A robust definition of done is essential to prevent loop infinity and ensure prompt completeness.

The definition of done represents the set of specific, concrete parameters that must be met for the loop to terminate. Without a clear definition of done embedded in the agent's prompts, the agent may perpetually query tools, get stuck in feedback loops, or deliver underwhelming final summaries.

An AI agent consists of a reasoning LLM wrapped in tools, goals, and persistent memory.

While a chatbot is merely a raw Large Language Model answering text inputs, an AI agent coordinates several layers of architecture. The LLM acts as the reasoning engine, but the agent system includes tools (file systems, CLI access, API controllers, web browsers), user-directed goals, and persistent memory spaces ( conversation history, custom .md configuration files, automated memory systems, and skill libraries).

Setting Up the Three Major Platforms

OpenAI's Codeex agent platform can be set up easily on MacOS, Windows, and Linux.

To download Codeex, users navigate to OpenAI's website and select the app installer. On MacOS, installation is completed by dragging the download file to the Applications folder. Inside, users open a specific directory and can directly type instructions to build complex applications, as demonstrated with a minimalist single-page personal portfolio.

Anthropic's Claude Code is a paid agent interface that provides a high return on investment.

To use Claude Code, users download the application and subscribe to a Pro tier ($17 per year or $20 monthly). Inside Code mode, developers choose a local project folder and issue prompt sequences. A demonstration shows Claude Code autonomously creating a portfolio site by analyzing directory files, executing build scripts, and opening result pages.

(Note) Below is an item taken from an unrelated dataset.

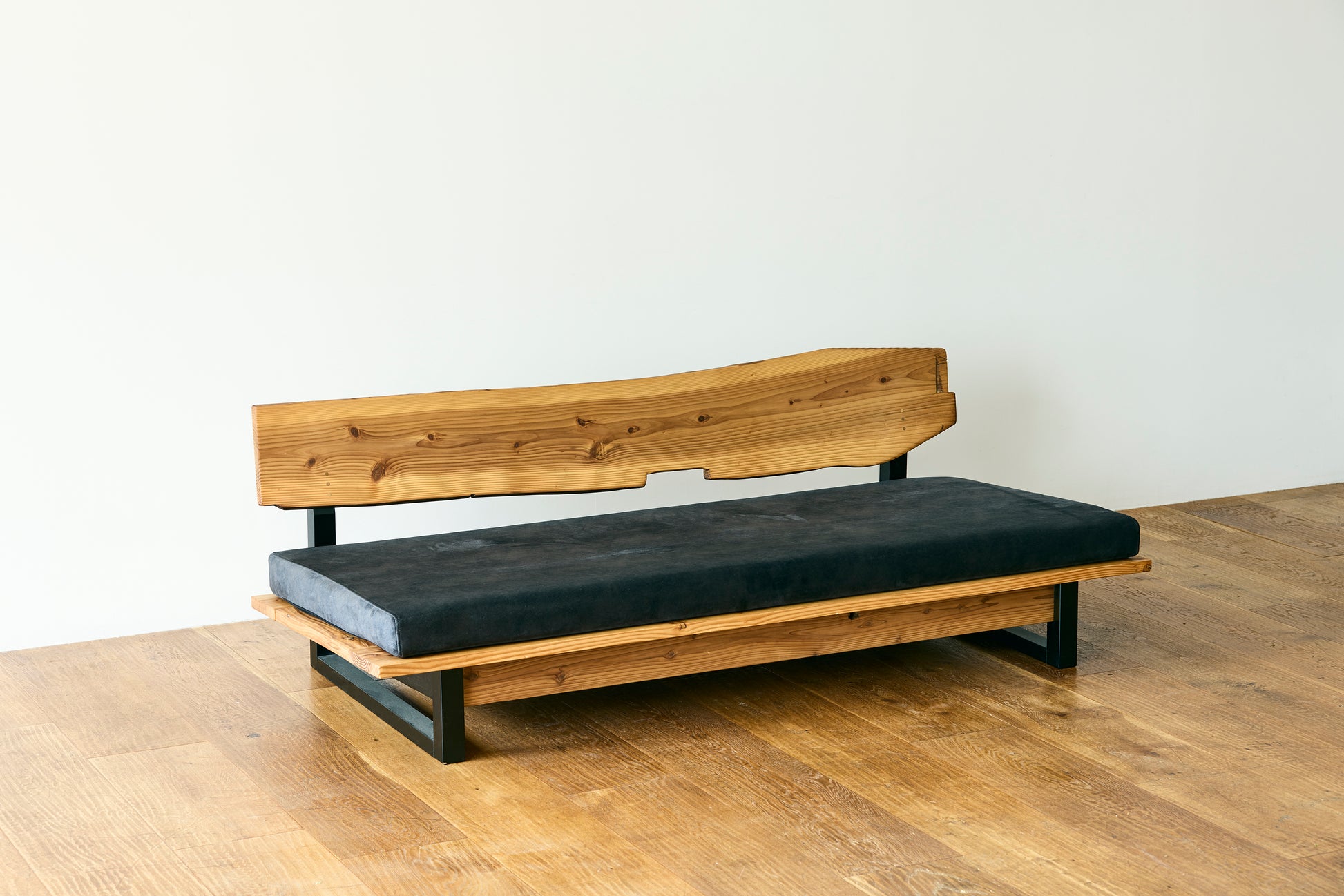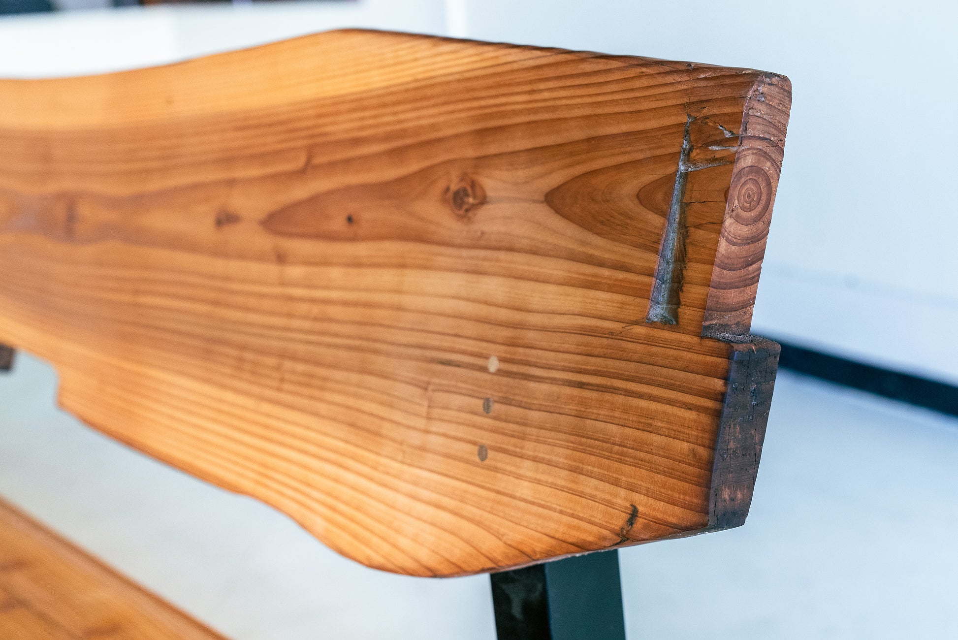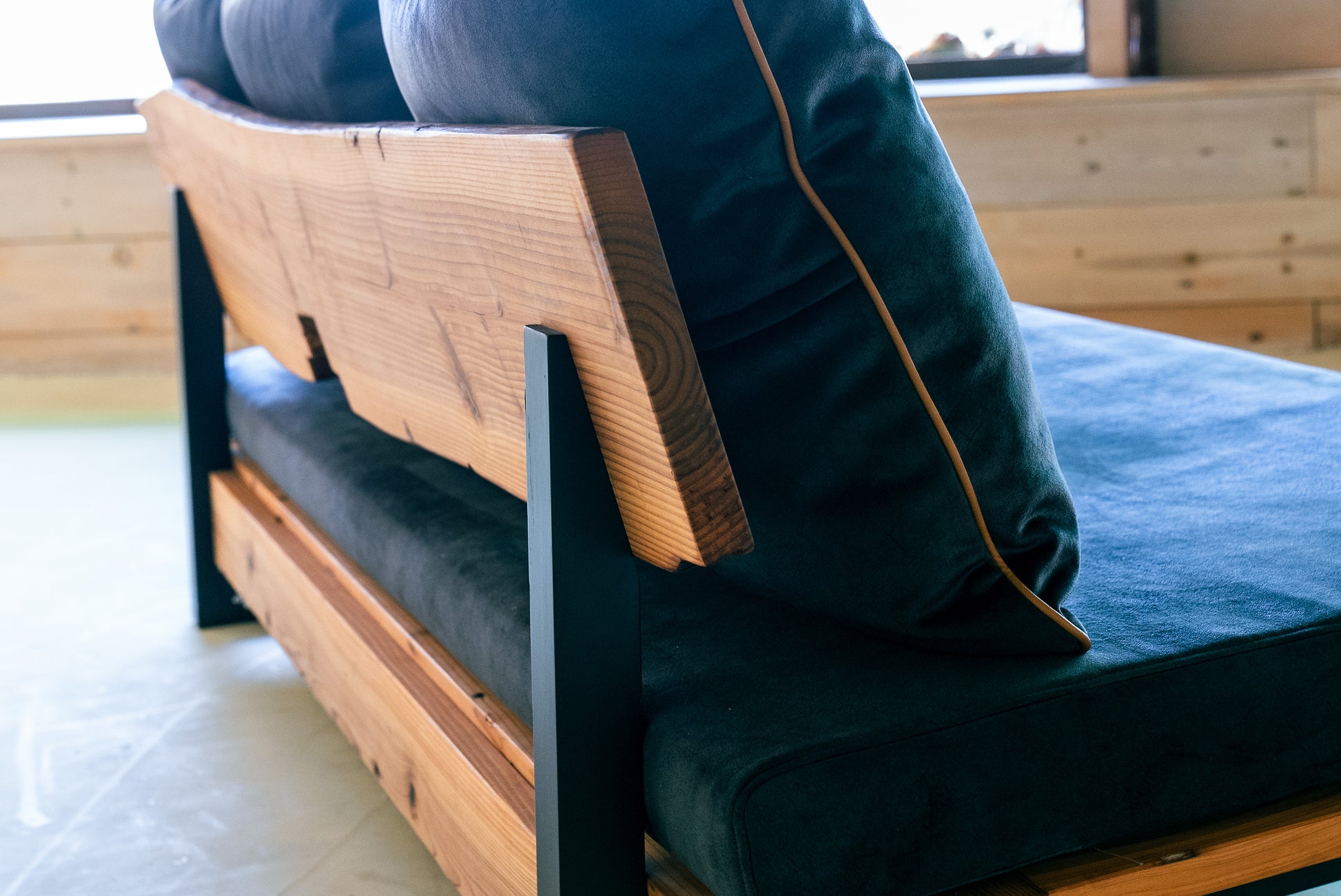 MASH-ROOMオリジナルのソファは、熊本県人吉市の豪雨災害で廃材となった家屋の梁を背もたれ部分にそのまま利用しています。ひとつひとつ木材の表情が異なり、意図的に手を加えず、柱同士を組み合わせる穴や家の建築時に職人が施した「ほぞ組」の跡などもそのまま残しています。安全性を確保しながら、素材本来の味わいや歴史を感じられるデザインです。

Google's Anti-gravity app offers a slick interface wrapping the Gemini 3.1 Pro model.

Google Anti-gravity is downloaded directly, logging users in automatically via their Google profiles. On the right-hand panel, users interact with the Gemini agent, while the center displays file contents. Gemini showcases strong design capabilities by building a portfolio page styled with modern glassmorphism features.

Claude, Gemini, and GPT-based platforms each feature distinct operational strengths and weaknesses.

Claude Code provides the most interpretable reasoning logs, letting users inspect, pause, and steer agents, but runs slower without expensive fast modes. Gemini excels in front-end design, UI aesthetics, fast output rendering, and native video processing, though it lacks reasoning transparency. GPT (featured in Codeex) is the strongest at backend development, mathematics, and test-driven parallel workflows.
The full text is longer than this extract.